The 70s are the decade that are viewed as being the long hangover from the 60s, whilst there may be truth in this it’s impossible to think of it as the bleak, depressing decade that it’s portrayed as. Along with the new angry music there was new angry fashion; spiky hair, heavy boots and tight trousers stood out amongst a sea of flares and elaborate shirts. Punk fashion was just starting to find it’s feet in the 70s, but the restrictive clothing represented a freedom that young people of Britain were trying to claim for themselves; almost 50 years later it’s still obviously present in our own clothing culture, and what was started back then has been developed, refined and moulded into something that fits into 2018. Punk isn’t dead, as they say.

It’s impossible to encompass even a fraction of British culture in one short blog post, so instead I’ll be taking elements over a series of posts and exploring the rich history of British fashion, food and beauty trends.

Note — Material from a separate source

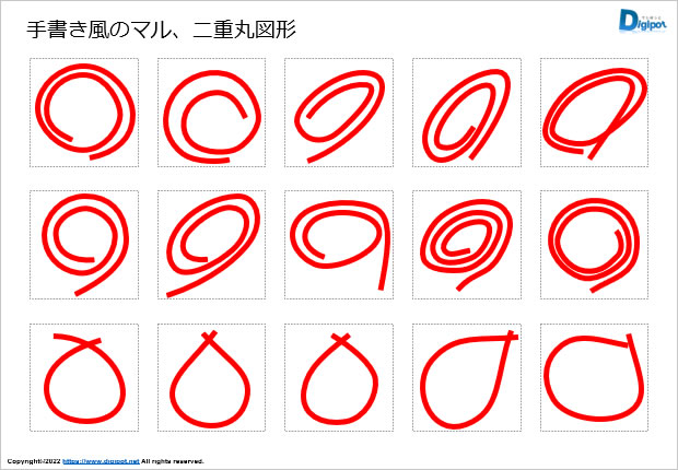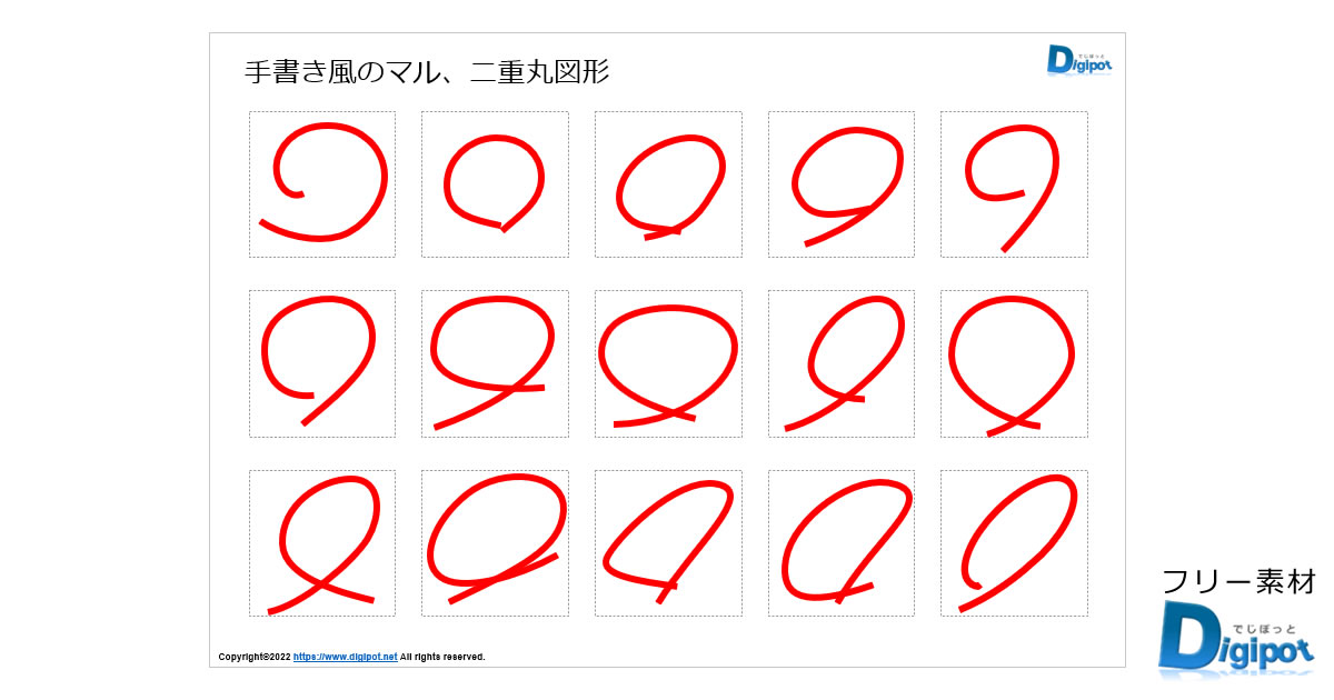 手書き風のマル、二重丸図形 パワーポイント エクセル ワード 文章、図解強調用素材フリー素材、無料素材のDigipot。

It may seem out of place in a cosmetics blog but looking at the evolving British style (and this includes a lot of different areas) is hugely important because each social change has an effect on the way that people interact with different parts of society, including the way that they consume and what they want from their products and the associated brands. As a truly British company it is not only important that Pincerna keeps up with the fluid culture of the UK, but also stays ahead of the game, setting it’s own trends and creating new, iconic paths.